Understanding the Problem

There is a sorted list of numbers. The numbers are either consecutive by 1 or non-consecutive. When the number are consecutive, they will be summarized like ”num1→num2” in a string format so It indicates from num1 to num2 the numbers are consecutive. For example, the inputs and outputs are expected as below

# input1
nums = [0, 1, 2, 4, 5, 7]
# output1
["0->2","4->5","7"]

# input2
nums = [0, 2, 3, 4, 6, 8, 9]
# output2
["0","2->4","6","8->9"]

Approach

Will it be good to be solved with two loops, one with while and another with for from the list? I had a deep thought for a while. I could have chosen two pointers but the fact that it will be somewhat closer to O(n²), I decided to solve the problem with only one for loop resulting in O(n).
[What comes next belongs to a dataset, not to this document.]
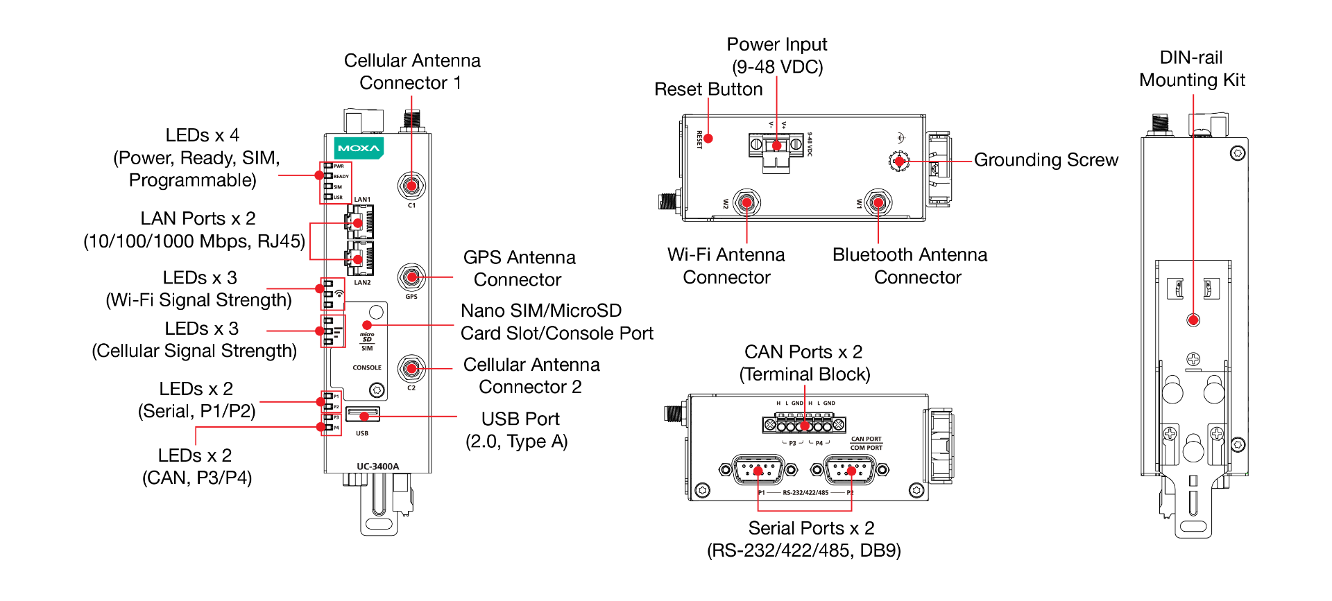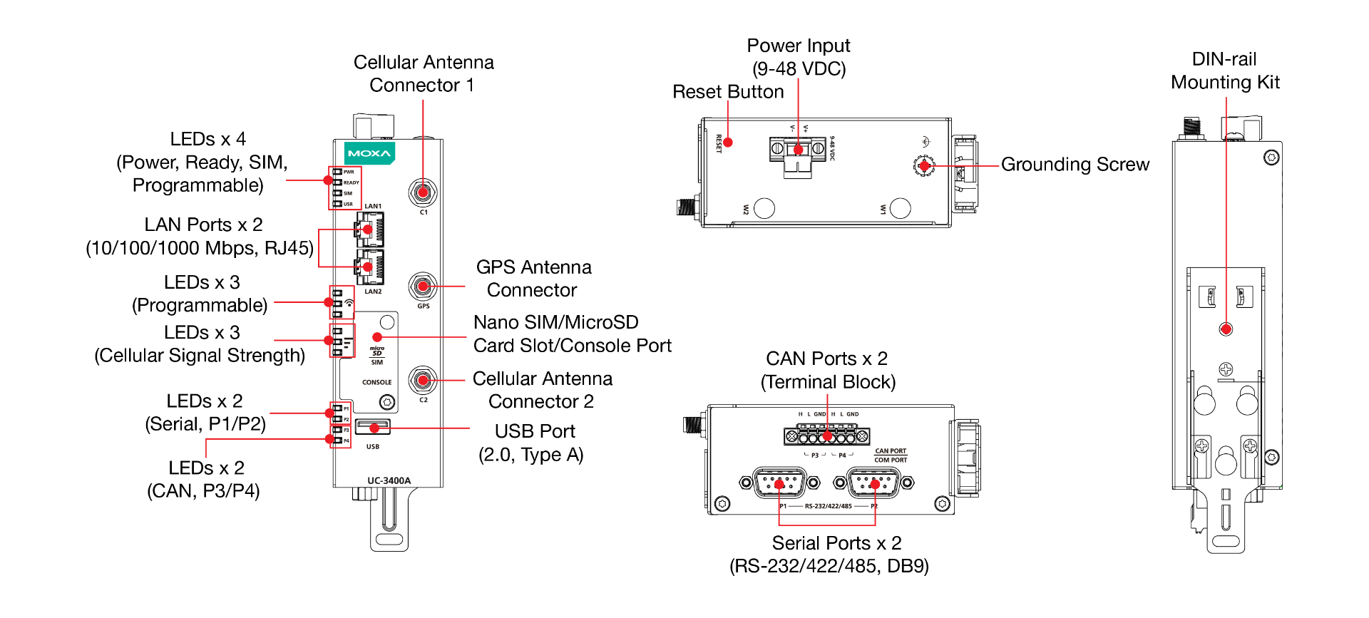 | Porty CAN | UC‑3424A‑T‑LTE, UC‑3434A‑T‑LTE‑WiFi: CAN 2.0 A/B × 2 (DB9 męski) |

I am pretty sure that my code will be more tidy if it comes with double loops, but I chose a single loop.

Solution

Before going into the loop, I had to make sure of these things

1. I had to declare a list lists which will contain the string forms of the consecutive numbers, and will be the final return value.

2. My code would look disheveled if I had written returning strings in every if clause, so I put aside the lambda functions summary and summary_last

3. temp list will be used as a cache and values will be stacked before finally putting into lists.

Then I go with the loop eventually.

1. in each sequence, the current number and the last number of temp will be compared whether to determine if the number is consecutive.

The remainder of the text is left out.